People often exchange Instant Messages as quickly as they would type in a chat room, so to have a full speed IM conversation does require a full-size keyboard and screen. In theory this means the TV Out and Bluetooth keyboard setup should be ideal for Instant Messaging, but it's actually fairly difficult to find an S60 IM client which takes advantage of a large screen size.
The nearest we got was Agile Messenger for S60 3rd Edition, which allows you to set the font very small, but unfortunately the message icons next to the text mean that even with a very small font you can't actually see that many messages on-screen at once. The keyboard worked perfectly though, so if you're okay with seeing just one or two messages at once then the experience of using IM with a keyboard and TV is a very pleasant one.
Web Browsing
Lots and lots and lots has been written about the relative merits of various browsers on various mobile devices. This writer will not add to the pile, other than to describe how the S60 browser seems to someone using it through TV Out.
In theory, the web browser of the N95 should be the "killer app" of TV Out. Being able to surf the web on any television anywhere sounds very useful indeed, and it is, to an extent.
Using the S60 browser on a television means you can set the phone to its most zoomed out state and the text size of websites will still be readable. Also, using the web through a keyboard brings some big advantages over a normal phone keypad:
- You can quickly and easily enter even very long website addresses or search keywords.
- It's far, far, far easier to post long messages on website forums.
- Using web-based email clients such as Gmail or Yahoo Mail through a browser is a much more pleasant experience if you have a full-size QWERTY keyboard at your disposal.
However, there are some annoying problems that crop up.
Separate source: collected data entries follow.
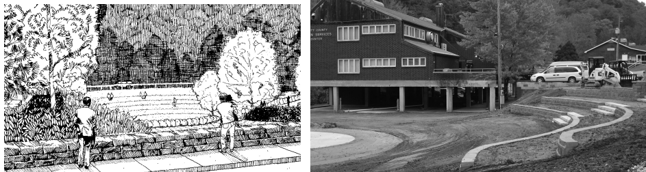
Figure 6. Early sketch on left of proposed bridge, trail and amphitheater on Troublesome Creek, amphitheater under construction, right

Time, and a well-articulated and illustrated vision ensured the completion of the final trail link – the development of an amphitheater on the banks of Troublesome Creek's branches' confluence. Today, the trail follows the creek bed between downtown and the new college buildings, with stops along the way to host 'Picken and Grinnin' bluegrass sessions at the outdoor amphitheater. The trail alignment incorporates gathering spots for respite and future interpretive panel placement and preserved, by careful trail siting, an original settler's chimney structure.
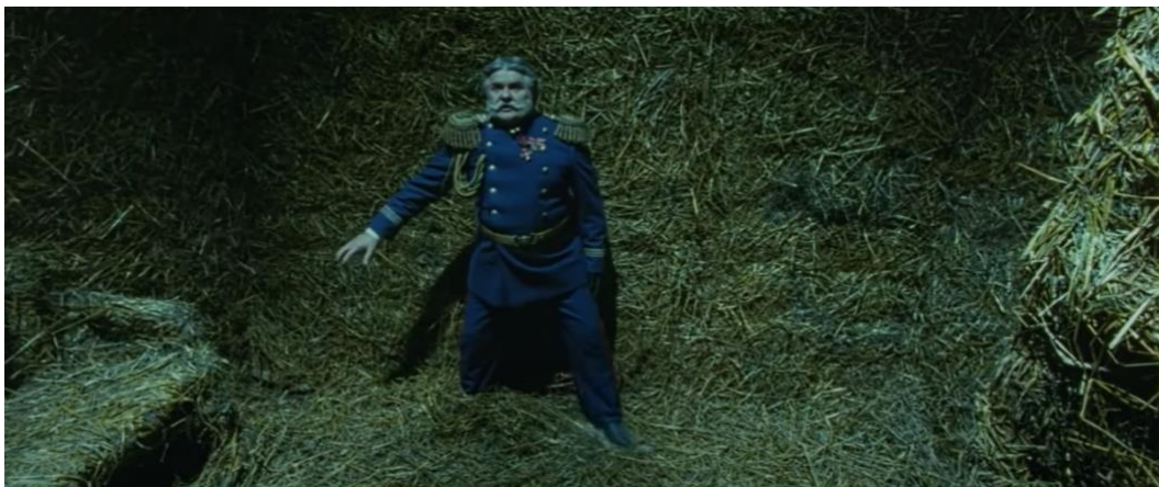
Figures 10 and 11. Masakra (Kudzinienka, 2004)

The introduction of straw in Masakra does not seem to be connected to the incursion of nature like in The Hunt , where the creeping vegetation symbolized decay and outmodedness. The prominence of straw is less self-explanatory. Everyday objects and architectural features made of straw are
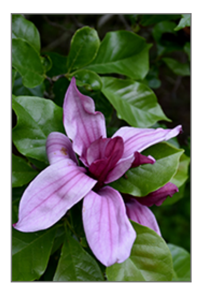
Nigra Lily Magnolia flowers

Nigra Lily Magnolia is recommended for the following landscape applications;
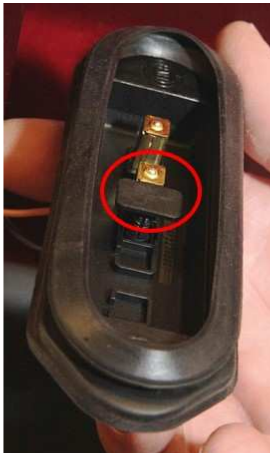
Fig. 5 Contact Board Button Installed
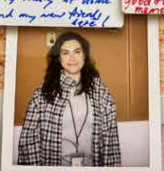
Our amazing Staff ☺ + coffee
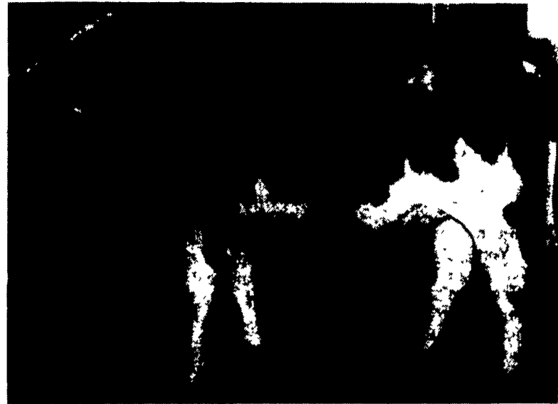
Topping the Supreme Creations Calf Sale was C Romandale Astro Lara-ET, which was purchased by Poverty Hollow Farms of Conu, New York for $26,000. She was consigned by Woodbine Farms of Airville.

Going for a price of $18,500 was Plushanski B-Troy Forte-ET, a January, 1989, heifer calf consigned by Plushanski Farms, Inc. of Kutztown. Purchased by the Forte Syndicate of Imler, she is sired by Ripvalley NA Bell Troy-ET, a Very Good, 88 pt. The paternal grandsire is Carlin-M Ivanhoe Bell, a Gold Medal
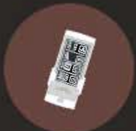
Touch Screen RF Remote
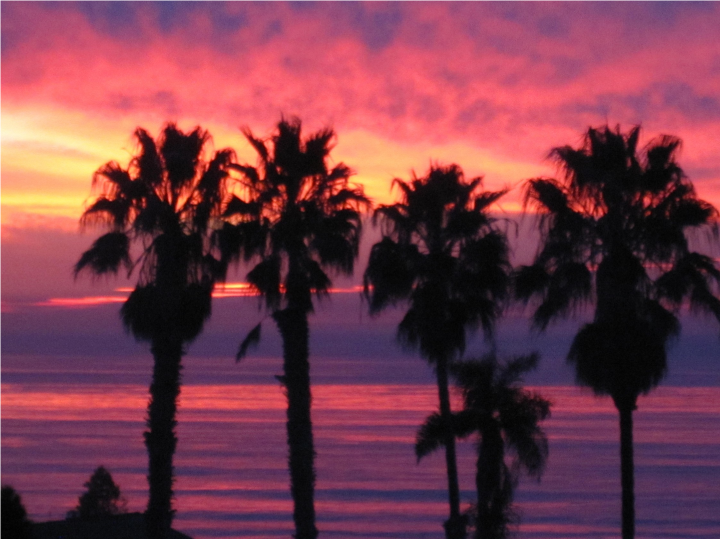
Sunset Cliffs, Saturday, January 10, 2010
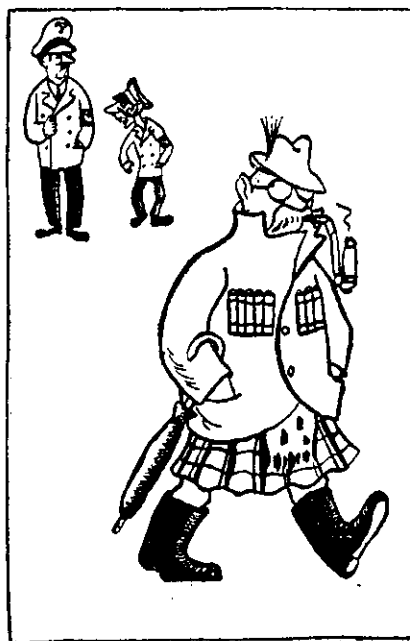
—“Candide,” Paris. He is an agent of the Gestapo pretending to be working for the British Intelligence Service in betraying the Russian OGPU for the benefit of the French Sureté

Hitler has taken the day off to visit a mental hospital. The inmates are lined up in groups to meet him. As he arrives before the first group they all lift their arms and cry “Heil Hitler.” All except one, who doesn't move. Hitler turns to him angrily, demanding to know why he doesn't give the official salute. “But I'm not mad,” protests this individual, “I'm the warder.”—Gringoire.
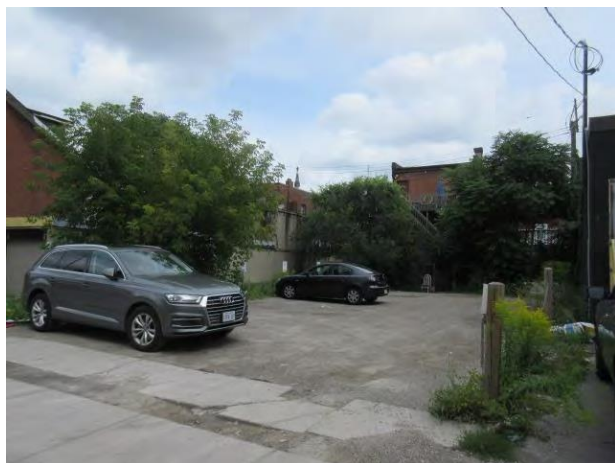
Pre-Redevelopment status of property-29 Severn Street, Hamilton

Upon completion of the redevelopment and reassessment of the property by the Municipal Property Assessment Corporation (MPAC), staff will report back in an Information Update to Council on the actual redevelopment costs, the reassessment amount determined by MPAC and the grant amount.
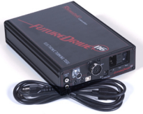
Power Unit (model without video overlay), Power Cable
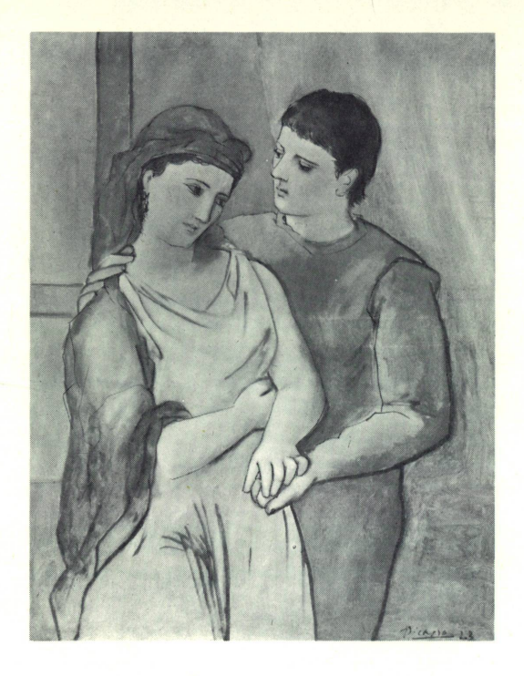
Picasso. The Lovers

For reproductions and slides of the collection, books, and other related publications, self-service rooms are open daily near the Constitution Avenue entrance.
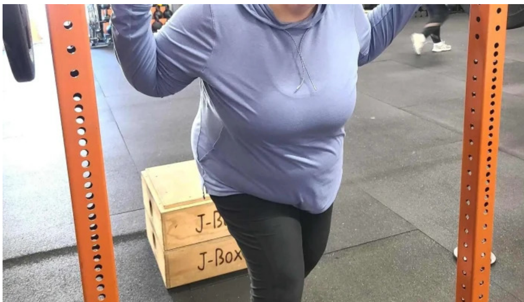
Northglenn health and fitness by owner
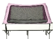
Cette tente est disponible sur demande

First of all, using the N95's browser together with the TV Out and a Bluetooth keyboard seemed to make the phone inexplicably reboot from time to time. Perhaps this slightly unusual combination of hardware wasn't tested fully, but surely on a phone with TV Out, it's not that strange to want to browse the web on a television using a keyboard peripheral? This problem ought to be solved through firmware updates sooner or later, so it's hopefully more of a temporary bug than a fundamental flaw.
Second, and more annoying, the S60 browser's zoom facility doesn't seem to work properly. If you zoom out on a browser, you expect it to show exactly what it did before but smaller, yet the S60 browser doesn't quite do this. This is best illustrated by the following sequence of photos, showing a single page from the BBC News website:
S60 browser displaying page at normal size, rendered absolutely perfectly, just like on a desktop PC. If only we could see more of the page at once.
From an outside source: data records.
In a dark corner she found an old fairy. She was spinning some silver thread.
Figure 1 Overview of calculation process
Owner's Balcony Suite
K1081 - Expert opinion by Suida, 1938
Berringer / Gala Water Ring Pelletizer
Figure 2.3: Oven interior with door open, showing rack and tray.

S60 browser partially zoomed out, we can see more of the page but it's starting to look a bit odd.

The problem seems to be that the S60 browser can cope fine with rendering pages at full size, but has trouble rearranging them so they work when zoomed out.
There's two ways to solve this problem: display the full-size pages at higher resolution, or improve the way the browser copes with zooming out.
In fact, the first solution has already been implemented, the S60 browser on the Nokia E90 already generates full-size pages at 800 x 352 pixels, enough to display most websites without any horizontal scrolling. Interestingly, this is also more or less the same resolution as a widescreen standard definition television set.
If the N95 and/or future TV Out compatible S60 handsets could have a TV Out signal at something like the E90's screen resolution, it would solve these problems: it would allow the S60 browser to render pages correctly and also display the entire page width at once.
Moving away from resolution issues, it almost goes without saying that a pointing device would come in very handy in the web browser. The arrow pointer of the S60 browser is clever, it flicks onto the nearest link rather than just travelling blindly, but even faster and more intuitive than this would be the user selecting a link by mouse or touchscreen, just like they do on a PC or PDA.